Pasando la estatua de Don José de San Martín, más conocido como el libertador, se encontraba esta casa estilo colonial, tratando de sobrevivir entre dos edificios que intentaban aplastarla hasta hacerla desaparecer. Estaba pintada de una mezcla de rosado y melón. Tenía unas rejas negras adornadas con cadenetas de luces y afiches de obras de teatro pegados en las paredes.
Cualquier persona puede cantar, “dijo ella”. “Solo es cuestión de encontrar tu voz”
La profesora pidió un voluntario y después de unos minutos de silencio, ahí, parada en el medio del salón, me encontraba yo. Siempre tengo el impulso y la valentía de ser de los primeros en inmolarse, pero una vez que estoy ahí, muero de miedo y quedo paralizada. Era un salón vacío, con paredes de color blanco. Tenía una ventana de madera con unas vallas de fierro antiguo negras, que daban la impresión de que una vez dentro, no habría marcha atrás. La falta de sillas nos obligó a sentarnos en el suelo a lo largo del salón.
“Cuando nacemos emitimos un llanto a todo volumen, anunciando nuestro estreno a la vida”. “Sé que tu voz está ahí”. “Ahora canta”, repitió ella
Las palabras empezaron a salir tímidamente y la voz me temblaba, todo mi cuerpo temblaba. Ella se paró al frente y me miraba con unos ojos negros penetrantes. Repetía la letra de la canción que yo estaba cantando moviendo la boca exageradamente, recordándome que tenía que vocalizar. Conforme la canción avanzaba, un llanto incontrolable se apoderó de mí. Ella me decía con voz firme, “sigue cantando” y volvió a poner su mano en mi pecho. Empecé a sentir un calor que me aliviaba.
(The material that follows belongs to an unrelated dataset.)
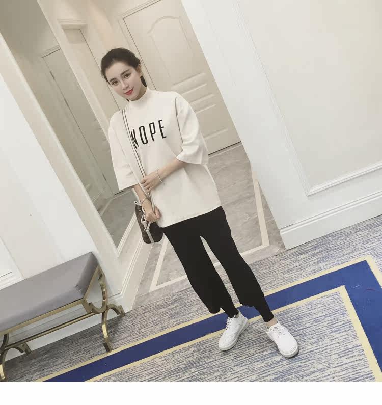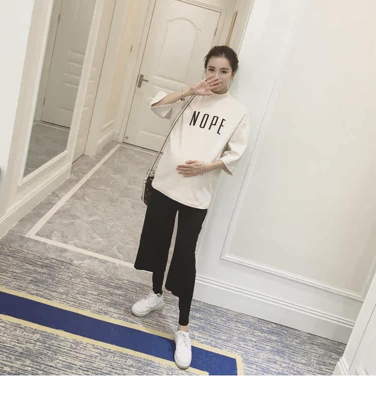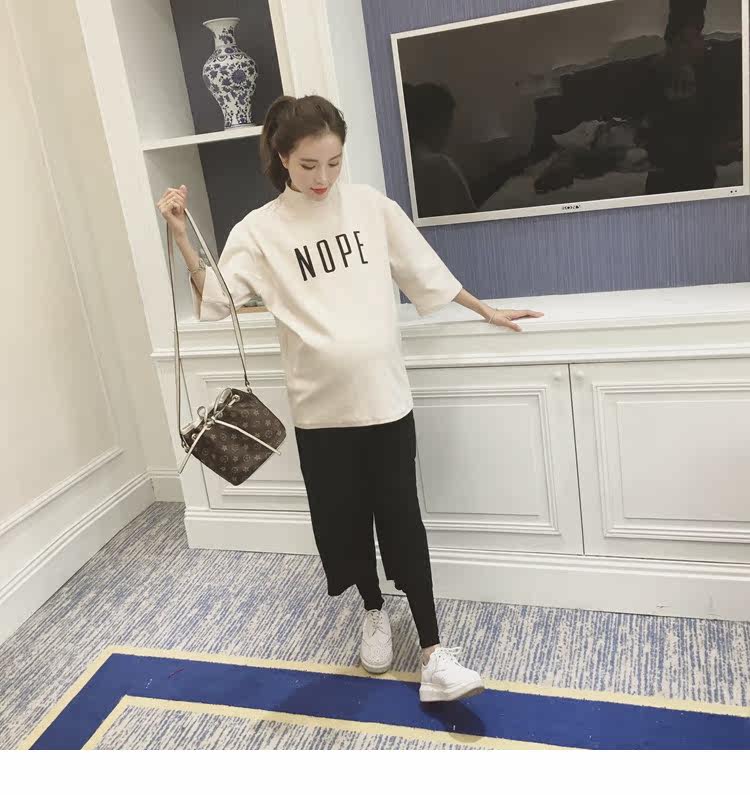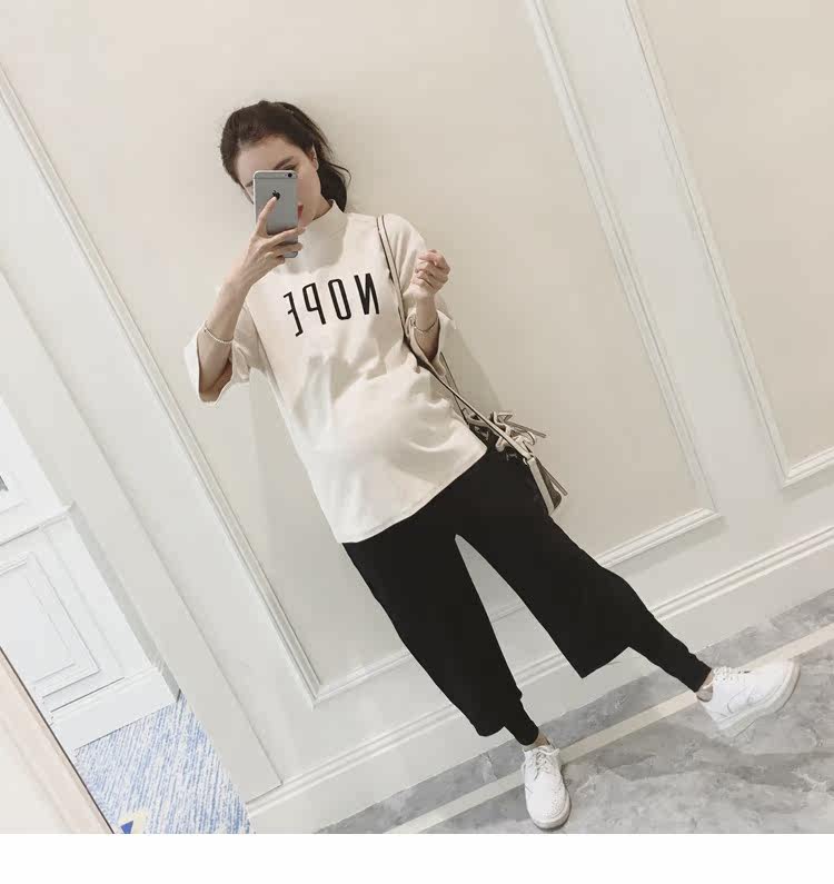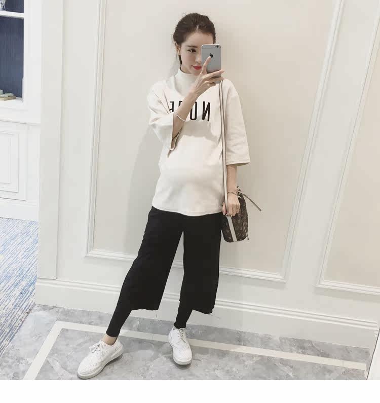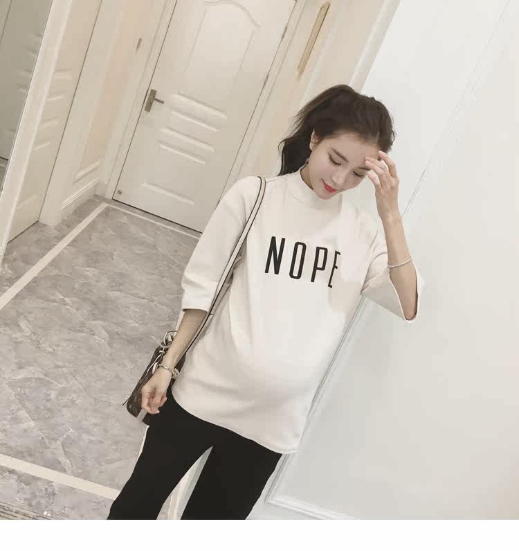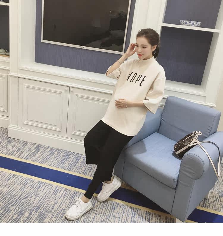 孕妇装上衣韩版春装新款女装半高领打底衫宽松七分袖印花T恤
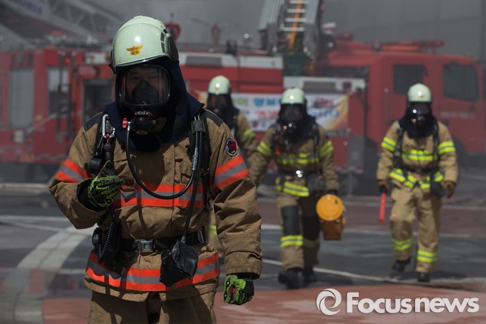 (서울=포커스뉴스) 16일 오후 서울 송파구 제2롯데월드몰에서 소방관들이 '재난대응 안전한국훈련'에 참가해 화재진압 훈련을 하고 있다.

Los otros alumnos a mi alrededor, sentados en el suelo, habían encogido y abrazado sus piernas agachando la cabeza, mirando esta escena aterrados, pensando que en algún momento serían ellos los que se encuentren parados ahí.
Le pidió a un compañero que me sujetará de la cintura por le espada y me indicó que caminara hacia adelante mientras cantaba. Nunca pude avanzar. Detrás de mí se formó una cola de compañeros que evitaban con todas sus fuerzas que yo avanzará. A su vez mi voz salía cada vez con más potencia y podía sentir mi cara roja por el esfuerzo. Sentía una fuerza imparable. Cuando llegué al coro pidió que me soltarán, y me indicó que me balanceara al ritmo de la música y sonriera. Empecé a sentir que flotaba y que todo el peso que había estado cargando hasta entonces, había desaparecido. Termino la canción y me senté preguntándome: “¿Que acaba de pasar?”, “¿Por qué no puedo parar de llorar?” Tomó unos minutos recomponerme. Empecé a sentir una sensación de paz. Me sentía sensible y a la vez agradecida y curada.
Eran dos amigas entusiasmadas, que se anotaron en un taller de canto, pensando en aprender a cantar alguna de sus canciones favoritas, un poco más entonadas y con más ritmo.
Eran dos amigas entusiasmadas, que, sin pensarlo, terminaron encontrando su propia voz.